Labor is completely on board with AP’s plans to end everyday delivery, as part of the government’s broader agenda for productivity increases through intensified exploitation of the working class. Through its Postal Services Modernisation initiative, the federal government is working with Australia Post to ramp up “productivity,” including by increasing the size of delivery rounds and loading workers up with an ever-growing number of parcels.

This means that, in order to fight the deepening assault on their conditions, AP workers need to take up a fight, not just against management and the new delivery model, but in opposition to Labor and the drive towards privatisation. This is impossible under the leadership of the CWU bureaucracy, which serves as the enforcer of the profit-driven demands of management and government.

This poses the need for AP workers to build new organisations of struggle, rank-and-file committees that are democratically controlled by workers themselves, in order to fight for their own interests.

In doing so, Australian postal workers will not be acting alone, but as part of a global fightback of postal and delivery workers against union-management-government attacks.

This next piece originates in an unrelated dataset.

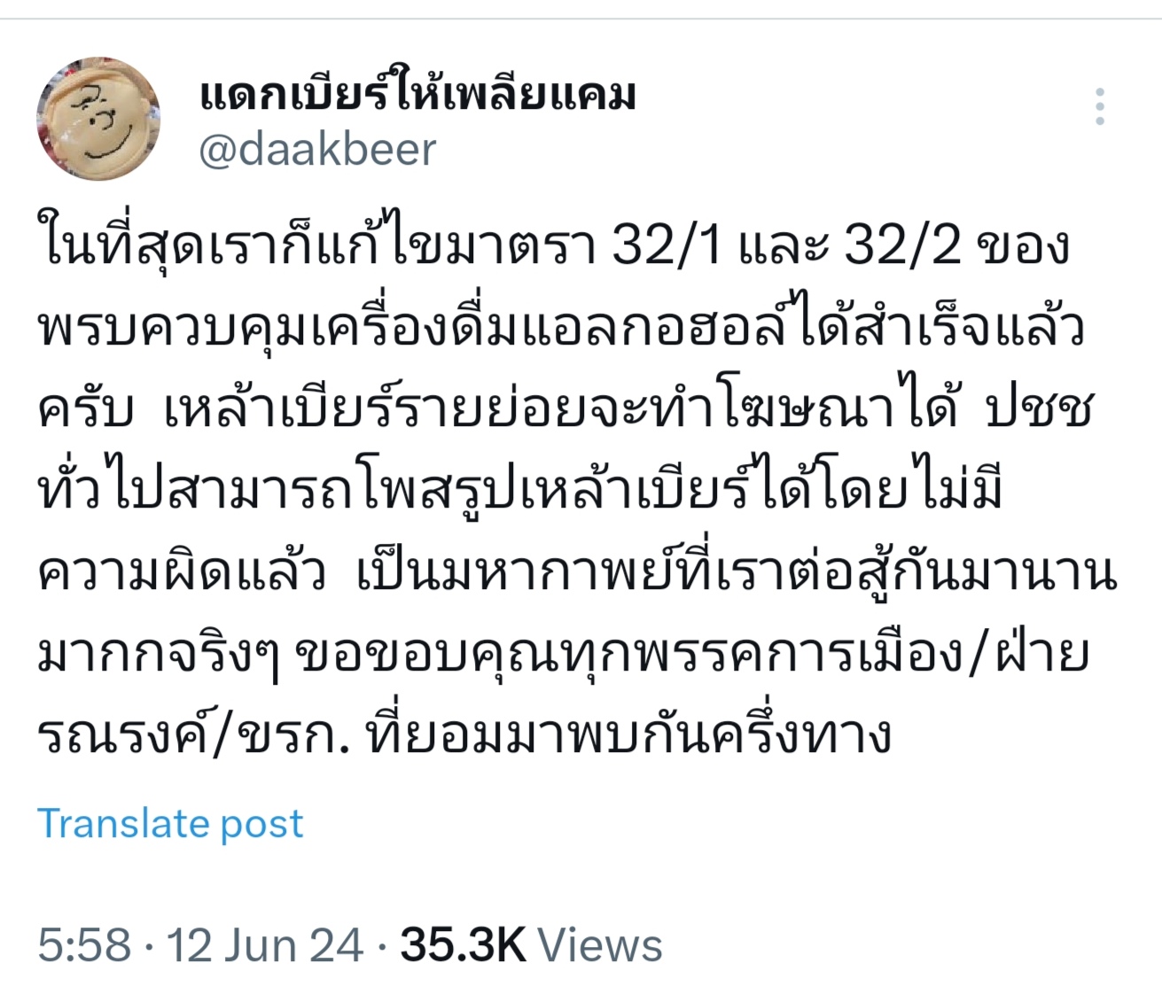 [RE: ประชาชนคนทั่วไปใกล้จะโพสรูปกินเบียร์ลงใน social ตัวเองได้แล้ว ไม่ต้องโดนปรับ 50,000 บาท]

The British Communications Workers Union has worked with Royal Mail over the past year to ram through a new agreement, slashing the wages and conditions of postal workers, including the systematic undermining of the Universal Service Obligation, the equivalent to Australia’s Performance Standards.

The union’s moves—in line with those of the rest of the British union apparatus—to crush the Royal Mail struggle, met with major opposition. In order to build an organised rebellion against this betrayal, a group of Royal Mail workers formed a Postal Workers Rank-and-File Committee, whose statements and articles have been read hundreds of thousands of times, prompting hundreds of postal workers to contact the WSWS and join the fight.

A similar struggle is underway at United Parcel Service (UPS) in the US. More than 300 UPS workers attended a rank-and-file committee meeting last weekend, to discuss how to defeat a sellout union-management proposed agreement and take on the Teamsters union bureaucracy.

As part of this global fight, a group of AP workers formed the Australian Postal Workers Rank-and-File Committee in 2021 to take forward the struggle against the ongoing restructuring operation and the total complicity of the CWU in the attacks on our jobs and conditions.